LUNA/USD Rejects Decline Below Ascending Trendline
On a crypto market day characterized by a liquidation bloodbath, Terra’s native token, LUNA/USD, has been no exception. The token has lost more than 24% in the past week and at the time of writing, it was trading down by at least 10% in the foregoing 24 hours. Nonetheless, at the current trading price of $61.75, LUNA/USD is coming from a market drop that saw it touch a low under $55. Amid the bearish market sentiment, LUNA/USD has flashed a key signal that points to a potential rebound at the key support.
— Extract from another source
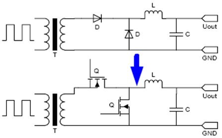 圖1. 同步整流與二極管整流之比較

Outlook on the Daily Chart
LUNA/USD Rebounding from $55 Level?
On the daily chart above, the decline in LUNA/USD was rejected at the $55.3 level, which acted as support before. A long bullish pin bar can be seen towering above, as the token bounced off the support, with prices rising up to $70 over the weekend. What makes the bullish pin bar promising is that it forms right above the support and ascending trendline, leaving a confluence of bullish signals that we should be keen on. Nonetheless, the 9-day, 14-day and 20-day moving averages remain above the current price, which suggests that we could witness some market indecision or consolidation before we witness a strong upside.
LUNA/USD Trade Idea
A clear buy signal is present on LUNA/USD at the current level, with prices firmly holding onto the $55 support. However, with the ongoing crypto weakness, I recommend we wait a little for further confirmations that the $55 will continue to hold. A change in the sentiment in the broader crypto could also add a bullish impetus that will further validate the bullish signal on the daily chart.
Polygon (MATIC/USD) Could Head to $1 Next
After remaining on an uptrend on the daily chart up to January 18, Polygon’s native token MATIC/USD seems to have finally given in to the bearish pressure engulfing the crypto market. In our previous outlook, we indicated that MATIC/USD was facing bearish pressure as it approached the ascending trendline quickly. Our projection was that MATIC/USD will maintain the bearish momentum if it breaks below the trendline.
After continued weakness, MATIC/USD broke below the ascending trendline on January 19, and it is currently on a free fall. At the current trading price of around $1.3, MATIC/USD is showing no signs of abating, as the established support sits way below that, at $1.05.
– Technical Outlook on the Daily Chart
MATIC Could Slide to $1.05
Looking at the daily chart, MATIC/USD is under heightened bearish pressure, as it continues to drop towards the established support of $1.05. All the moving averages provide resistance above that.
Based on the technical pointers, MATIC/USD will continue to fall, until $1.05 if the bulls do not take charge at the current $1.3, which seems to be a market event area, but not an established support. Therefore, we need a little bit of patience to allow the price to settle, potentially at $1.05, before entering a buy trade. Good luck!